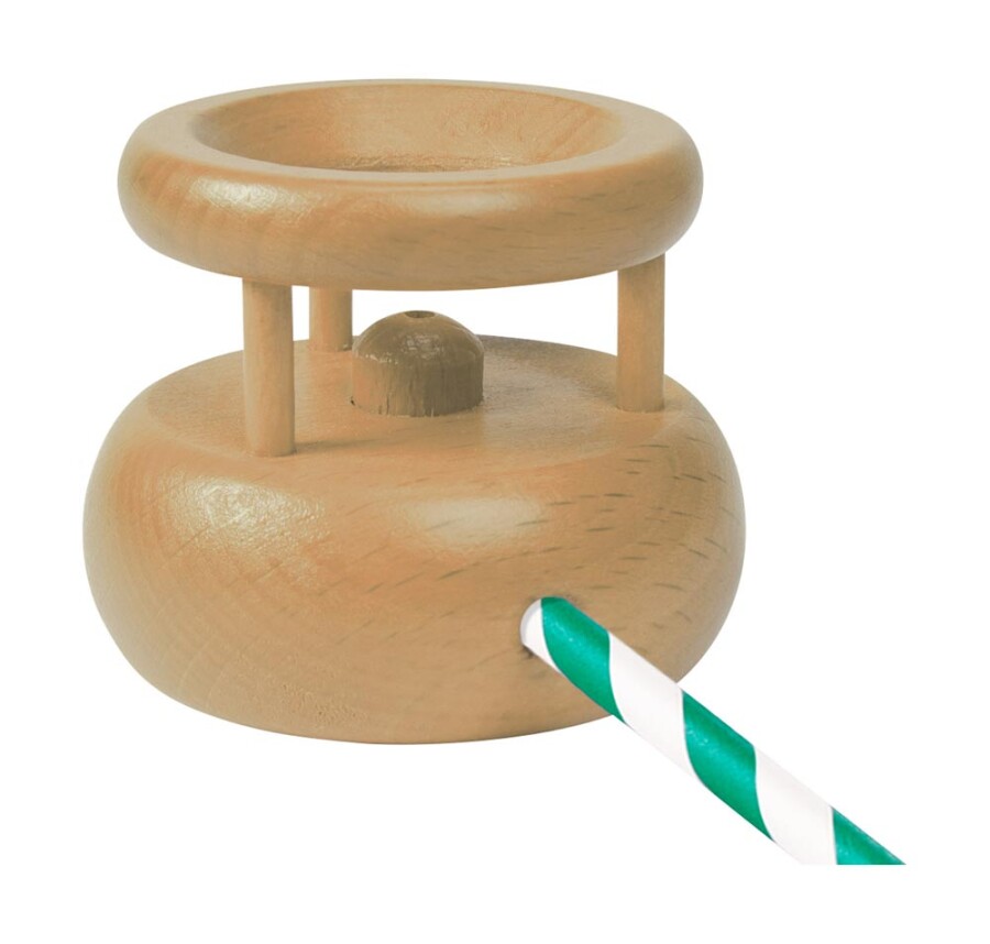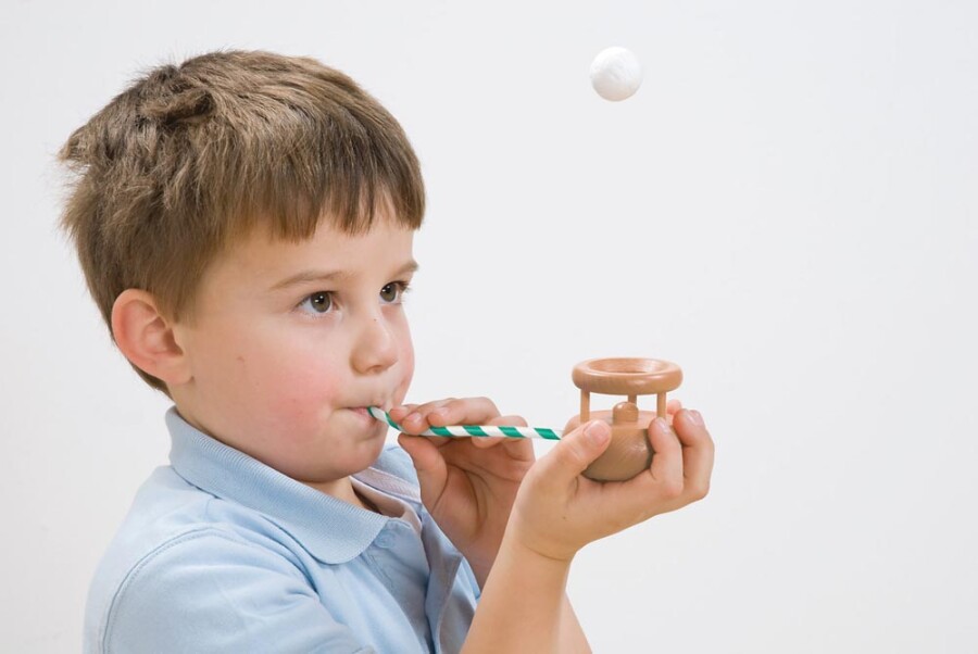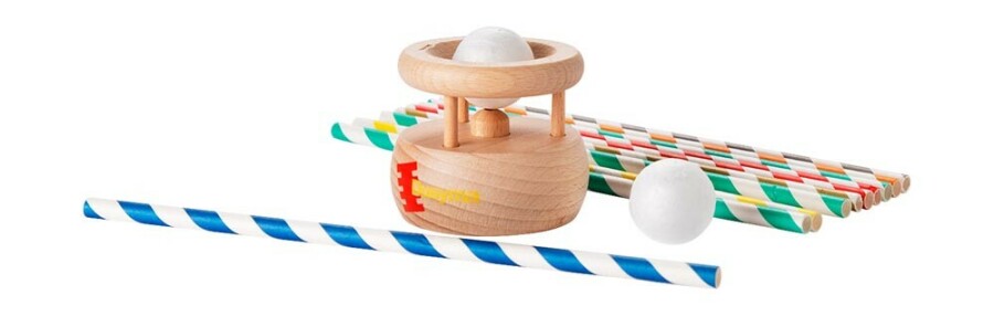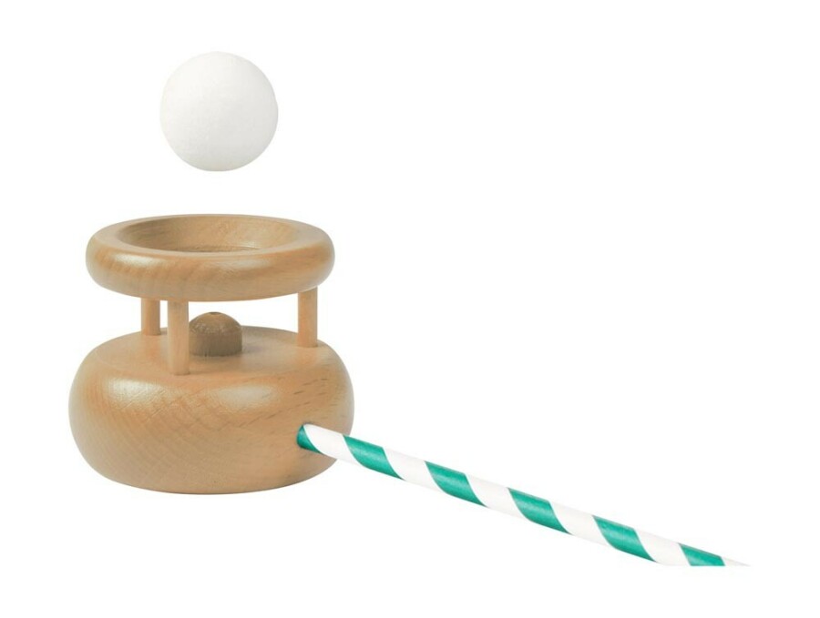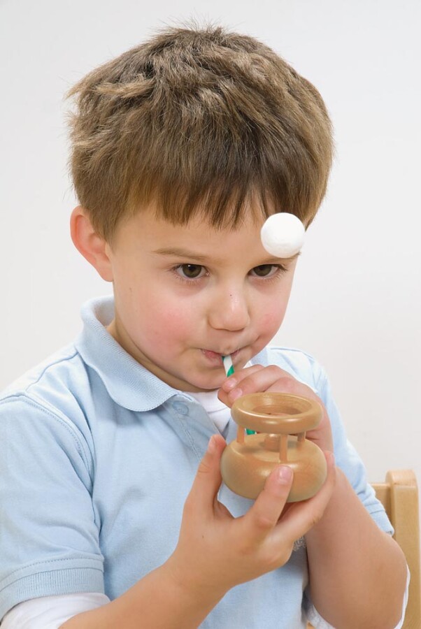 Met een rietje blaas je het lichte balletje dansend in de lucht. Een vrolijke adem- en mondmotoriekoefening voor therapie, kleuterklas en thuis. Concentratie, timing en ademcontrole komen spelenderwijs aan bod. Het houten cupje ligt stabiel in de hand. Papieren rietjes maken het spel hygiënisch in groepen.
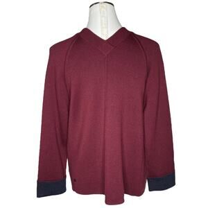 This versatile Merino Wool sweater is reversible and easy to wash. Flip up the cuffs to get the look that you like.
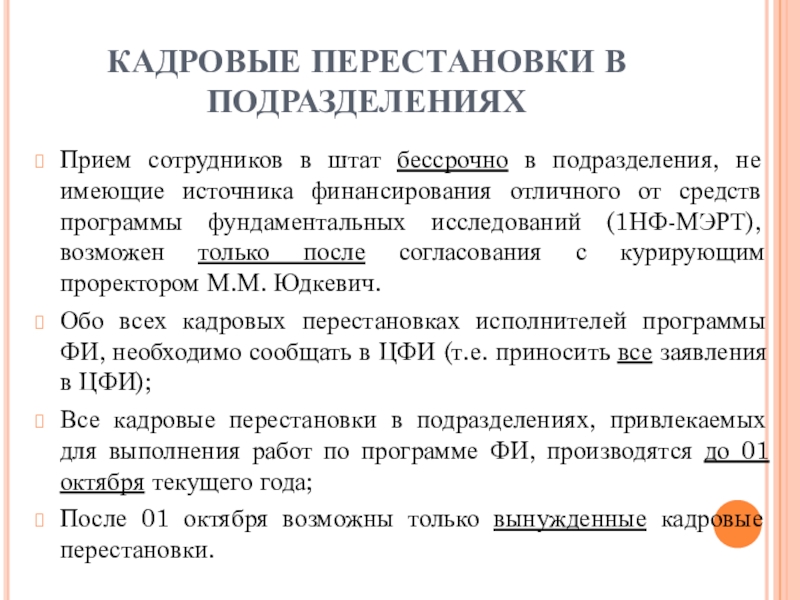 Все кадровые перестановки в подразделениях, привлекаемых для выполнения работ по программе ФИ, производятся до 01 октября текущего года;
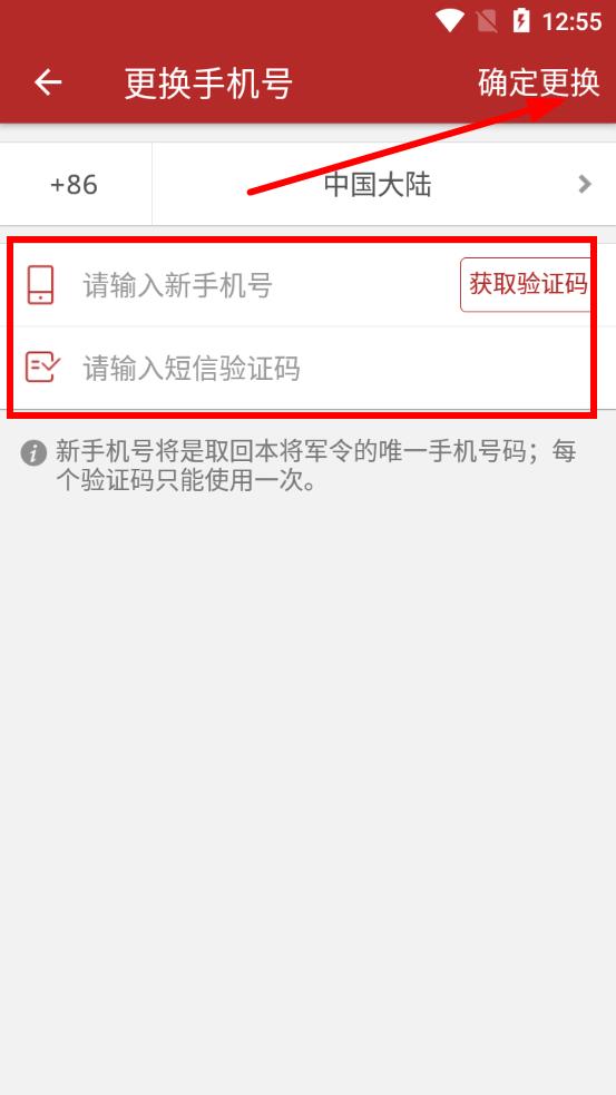 4、在新页面输入新手机号,点击获取验证码,收到验证码后填入对应框内,点击确定更换即可完成换绑。

• [REQUIRED WORK] In this exercise, set down all of the data exactly, without the pictures.

• [TASK RESULT]
 Met een rietje blaas je het lichte balletje dansend in de lucht. Een vrolijke adem- en mondmotoriekoefening voor therapie, kleuterklas en thuis. Concentratie, timing en ademcontrole komen spelenderwijs aan bod. Het houten cupje ligt stabiel in de hand. Papieren rietjes maken het spel hygiënisch in groepen.
 This versatile Merino Wool sweater is reversible and easy to wash. Flip up the cuffs to get the look that you like.
 Все кадровые перестановки в подразделениях, привлекаемых для выполнения работ по программе ФИ, производятся до 01 октября текущего года;
 4、在新页面输入新手机号,点击获取验证码,收到验证码后填入对应框内,点击确定更换即可完成换绑。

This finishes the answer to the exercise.